Après-Brexit, économie, antiterrorisme: les enjeux de la visite de May au Kenya

La Première ministre britannique Theresa May et le président Uhuru Kenyatta le 30 août 2018 à Nairobi, au Kenya.
© Yasuyoshi CHIBA / AFP

Après le Nigeria et l'Afrique du Sud, Theresa May était au Kenya pour la dernière étape de sa tournée africaine. La Première ministre britannique a tenu ce 30 août une conférence de presse commune avec le président Uhuru Kenyatta.

Alors que le Brexit approche, Londres cherche des débouchés commerciaux hors Union européenne. La visite de Theresa May s'est donc d'abord focalisée sur l'économie. « Nous nous engageons pour qu’il y ait une transition en douceur, qui assure une continuité », a déclaré Theresa May ce 30 août au Kenya où elle clôturait sa tournée africaine après s'être rendu en Afrique du Sud et au Nigeria.

Certains biens kényans sont libres de douane et sans limites de quotas au Royaume-Uni. La Première ministre britannique a donc promis que ces arrangements seraient maintenus après le Brexit. Elle a cependant précisé qu’aucun accord ne pouvait être signé car Londres est toujours lié juridiquement à l’Union européenne.

Un compromis a néanmoins été signé sur le rapatriement des biens situés au Royaume-Uni et issus de la corruption ou du crime au Kenya. Un des grands projets actuels du président Uhuru Kenyatta consiste justement à combattre les malversations financières.

La Première ministre nous a assuré que les produits kenyans continueraient à accéder au marché britannique, aux tarifs préférentiels qui existent aujourd'hui. Et bien sûr nous cherchons aussi à voir comment nous pouvons améliorer le commerce entre nos deux pays. La Grande-Bretagne est et a toujours été notre premier partenaire commercial, et un des premiers investisseurs au Kenya. Et vu les assurances que l'on vient de nous donner, je ne pense pas que le Brexit va remettre en cause notre capacité à renforcer et approfondir nos échanges. On peut aussi travailler ensemble au sein de l'organisation du Commonwealth, pour voir comment utiliser cette institution. Ses membres ont des valeurs et des systèmes communs et on peut voir comment tourner cette situation à notre avantage en faisant la promotion d'échanges équitables entre les pays du Commonwealth. Donc je ne pense pas que le Brexit soit néfaste pour notre relation.
Uhuru Kenyatta, président du Kenya
30-08-2018 - Par Sébastien Nemeth

Concurrence chinoise

Londres cherche par ailleurs à tout prix des débouchés pour ses entreprises. Theresa May est donc venue à Nairobi avec 29 représentants d’entreprises britanniques. La Grande-Bretagne reste le premier investisseur étranger au Kenya. Nairobi importe environ 800 millions de dollars de biens et services venus d’outre-Manche malgré une montée en puissance très claire de la Chine.
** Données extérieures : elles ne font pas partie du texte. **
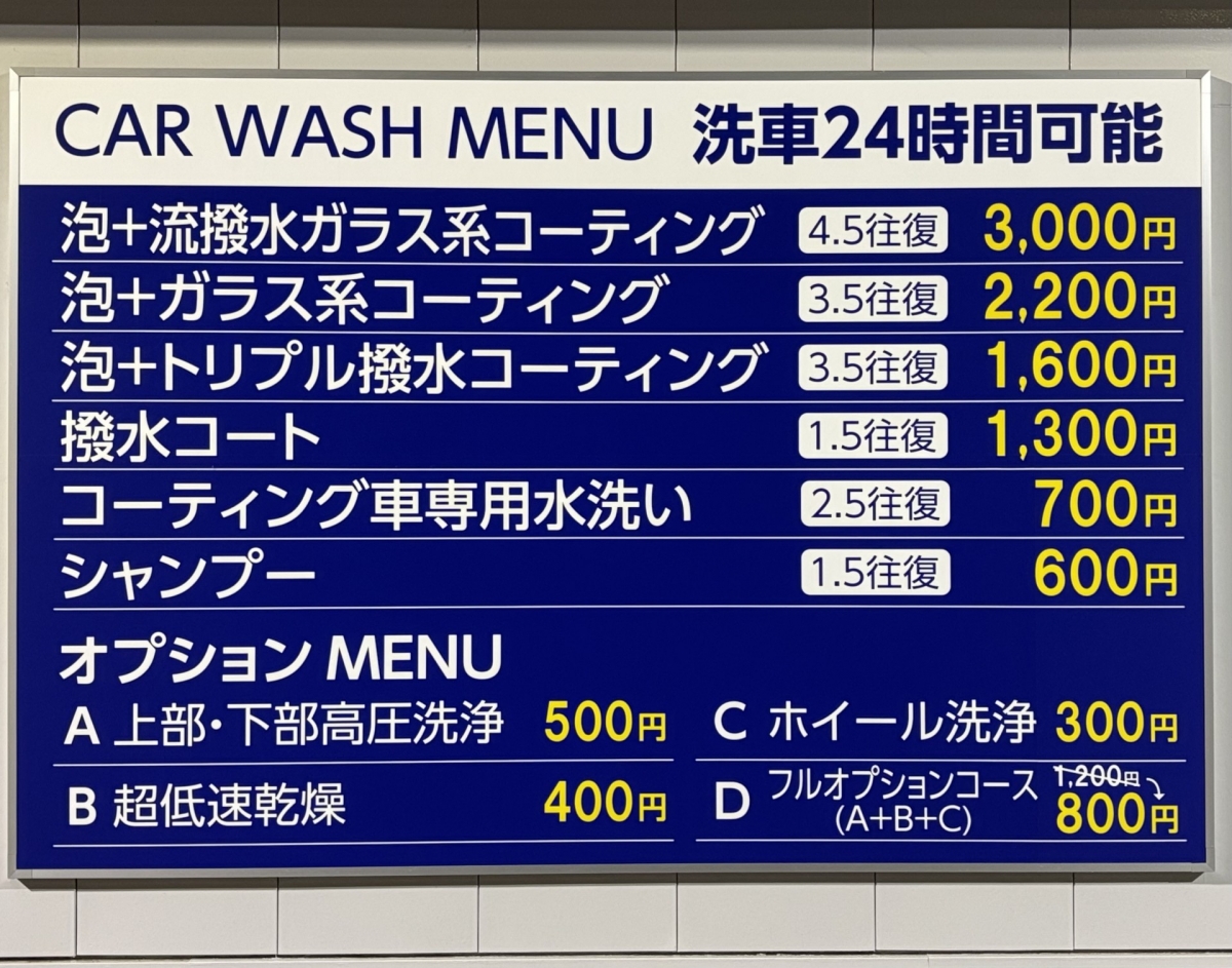 泡+トリプル撥水コーティング 1600円

« Il est loin, le temps où Land Rover était la voiture officielle du gouvernement kényan », écrit un éditorialiste. Londres doit donc montrer beaucoup d’ambition. Au début de sa tournée en Afrique, Theresa May avait annoncé qu’elle voulait faire des Britanniques les premiers investisseurs du G7 en Afrique d’ici 2022.

Ce 30 août, elle n’a cessé de vanter les opportunités offertes par le Kenya. Le président Uhuru Kenyatta s’est, lui, dit rassuré. « Je ne pense pas que le Brexit soit néfaste pour notre relation et qu’il empêchera nos deux pays de renforcer leur coopération », a déclaré le chef de l’Etat, qui doit quand même rencontrer le dirigeant chinois Xi Jiping ce 1er septembre. Preuve qu’il n’y aura pas de favoritisme pour les Britanniques.
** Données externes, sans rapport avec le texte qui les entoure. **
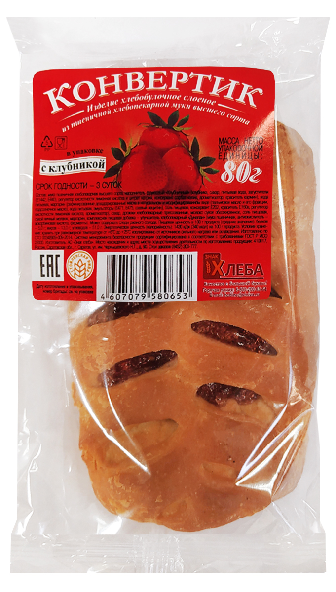 Конвертик Знак хлеба с клубникой 80 г

Lutte contre le terrorisme

Les deux pays ont également signé un partenariat sécuritaire, notamment contre le terrorisme. Les Britanniques fourniront entre autres des machines pour détecter les explosifs dans les avions, sachant que le Kenya reçoit chaque année 100 000 touristes d'Outre-Manche.

Theresa May a aussi promis des financements supplémentaires pour la force africaine en Somalie chargée de combattre les islamistes shebabs. Une force qui compte des soldats kényans.

Le texte prévoit enfin une hausse du soutien britannique en termes de formation et de partage de renseignements. Londres financera aussi la construction, au Kenya, du premier centre de cybersécurité d'Afrique. Il sera principalement dédié à la lutte contre la pédophilie.